Action item
When you reach the line with "Papp Lóránt, az" in the records below, begin transcribing exactly and continue up to and including the line with "教师节动感国风荣誉榜PPT模板", leaving out every picture.

======== Exercise data

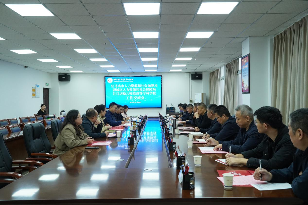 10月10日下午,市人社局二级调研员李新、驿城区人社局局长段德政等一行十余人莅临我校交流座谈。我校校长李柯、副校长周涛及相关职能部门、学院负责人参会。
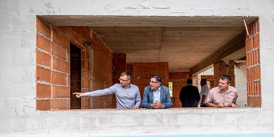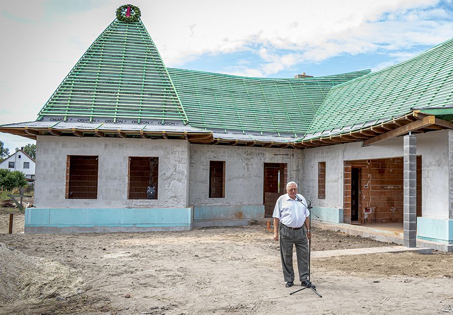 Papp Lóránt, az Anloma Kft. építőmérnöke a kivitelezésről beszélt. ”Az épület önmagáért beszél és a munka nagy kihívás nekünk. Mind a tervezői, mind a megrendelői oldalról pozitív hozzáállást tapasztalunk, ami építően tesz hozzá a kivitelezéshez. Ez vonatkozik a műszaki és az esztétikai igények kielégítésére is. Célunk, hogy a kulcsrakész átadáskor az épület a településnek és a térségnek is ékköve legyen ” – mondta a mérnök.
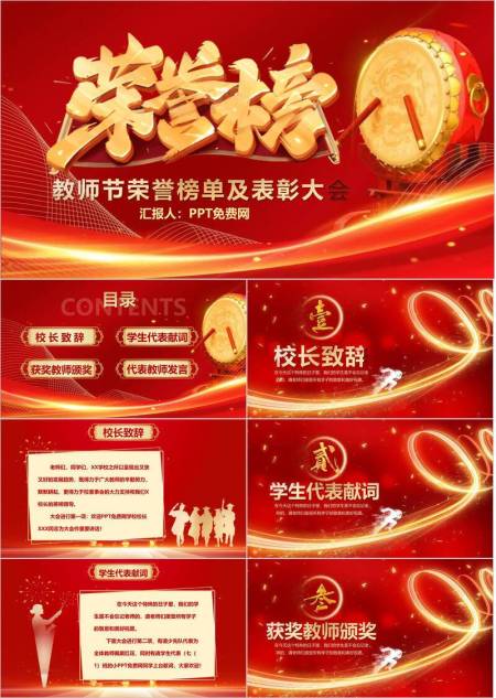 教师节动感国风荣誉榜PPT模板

================
======== Exercise data

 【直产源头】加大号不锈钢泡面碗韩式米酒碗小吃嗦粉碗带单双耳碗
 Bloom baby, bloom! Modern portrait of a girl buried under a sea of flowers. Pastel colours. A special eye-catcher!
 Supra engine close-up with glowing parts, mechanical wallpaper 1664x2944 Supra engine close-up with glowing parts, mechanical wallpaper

================
======== Exercise data

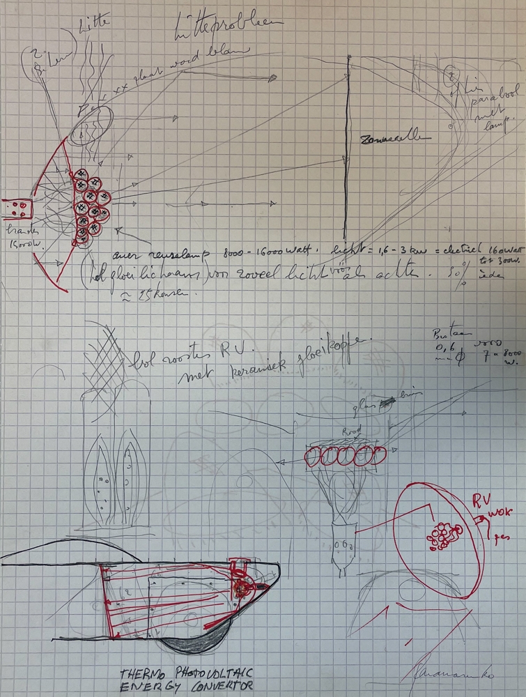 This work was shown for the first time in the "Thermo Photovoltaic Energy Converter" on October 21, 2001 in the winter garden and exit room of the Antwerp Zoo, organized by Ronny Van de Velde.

================

Task solution
 Papp Lóránt, az Anloma Kft. építőmérnöke a kivitelezésről beszélt. ”Az épület önmagáért beszél és a munka nagy kihívás nekünk. Mind a tervezői, mind a megrendelői oldalról pozitív hozzáállást tapasztalunk, ami építően tesz hozzá a kivitelezéshez. Ez vonatkozik a műszaki és az esztétikai igények kielégítésére is. Célunk, hogy a kulcsrakész átadáskor az épület a településnek és a térségnek is ékköve legyen ” – mondta a mérnök.
 教师节动感国风荣誉榜PPT模板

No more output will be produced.